#### DIRECTIONS FOR THIS TASK:
Pictures in the entries below are excluded; copy only the lines from the one containing "73809666 Hochvogel 2589m" to the one containing "This double room", both included.

#### RECORDS FOR THIS TASK:
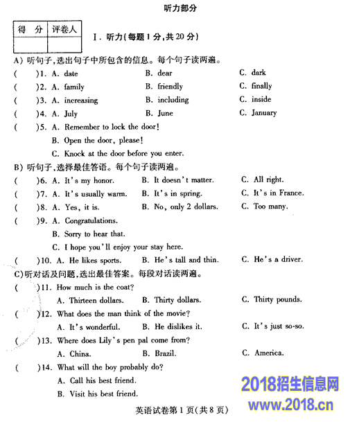 2015年甘肃省白银市中考英语试卷(扫描版,含答案)
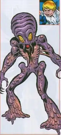 Jimmy Marks reappears as an apparently homeless telekinetic boy under attack by the anti-mutant Purifiers; rescued by faculty members of the Avengers Academy, Marks is recruited into the Academy's recently expanded student body.[8] However, Marks has secretly become Hybrid once more, possibly due to the return of Wraithworld to Earth's dimension;[9] Hybrid states that his intended goal is to establish himself as Wraithworld's king. Hybrid finds an ally in a future version of Reptil, who has taken over his past self's body in order to ensure that certain events occur to maintain his future's history. One of these events is Hybrid "murdering half the Academy"; to facilitate this, Reptil begins to lead students and faculty to Marks' room one by one so that Hybrid may either feed off of their powers or, in the case of the women, enthrall them as breeding stock.[10] Together students and faculty of the Academy managed to win against Hybrid and banish him from this dimension.[11]
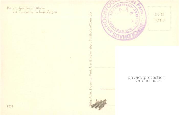 73809666 Hochvogel 2589m Bad Hindelang Prinz Luitpoldhaus mit Glasfelder postalisch nicht gelaufen Erhaltung siehe scans [FriedD77] KatCode: 11110009780123
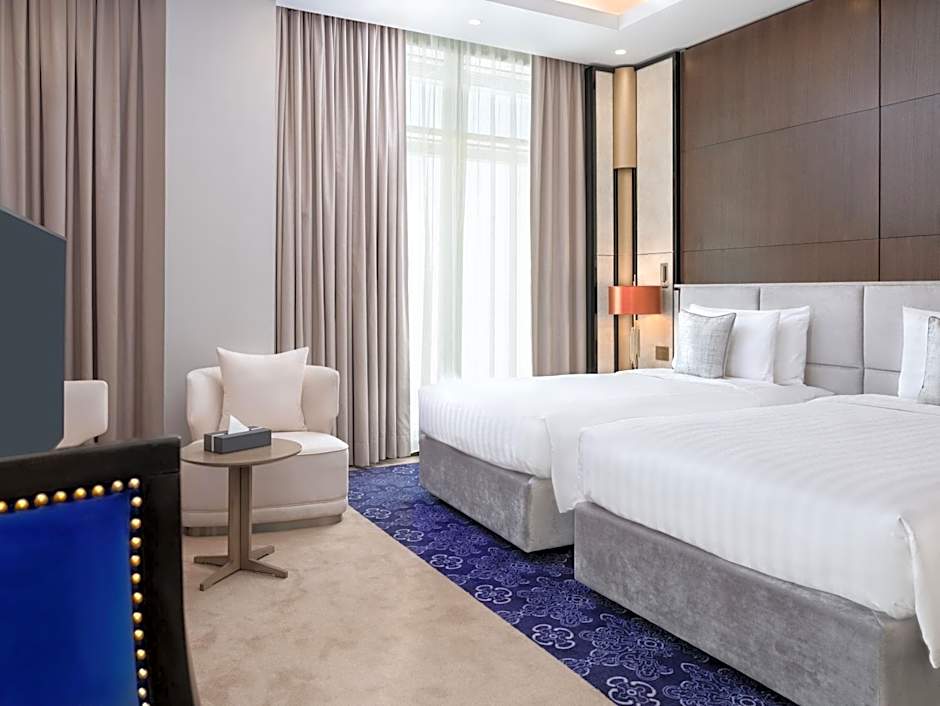 This double room features air conditioning, flat-screen TV and electric kettle. It offers complimentary WiFi, bedroom slippers and Bluetooth station. The bathroom is equipped with toiletries and bathrobes.
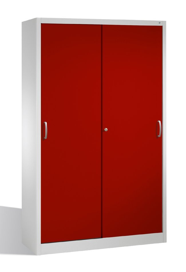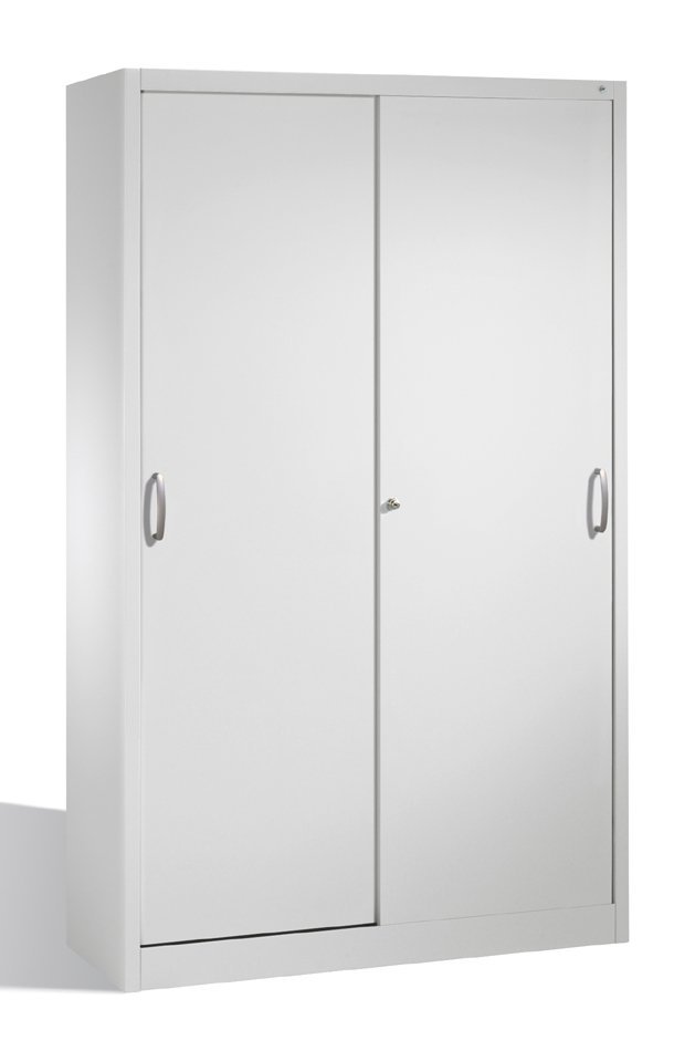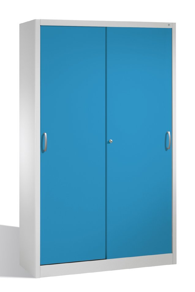 Workshop cabinet with durable steel construction and sliding doors. 4 adjustable galvanized shelves. Load capacity 70 kg/shelf. Body color light gray RAL 7035, door color of your choice. Cylindrical safety lock. Dimensions in mm (H x W x D) 1950 x 1200 x 400.

#### FINISHED TASK:
 73809666 Hochvogel 2589m Bad Hindelang Prinz Luitpoldhaus mit Glasfelder postalisch nicht gelaufen Erhaltung siehe scans [FriedD77] KatCode: 11110009780123
 This double room features air conditioning, flat-screen TV and electric kettle. It offers complimentary WiFi, bedroom slippers and Bluetooth station. The bathroom is equipped with toiletries and bathrobes.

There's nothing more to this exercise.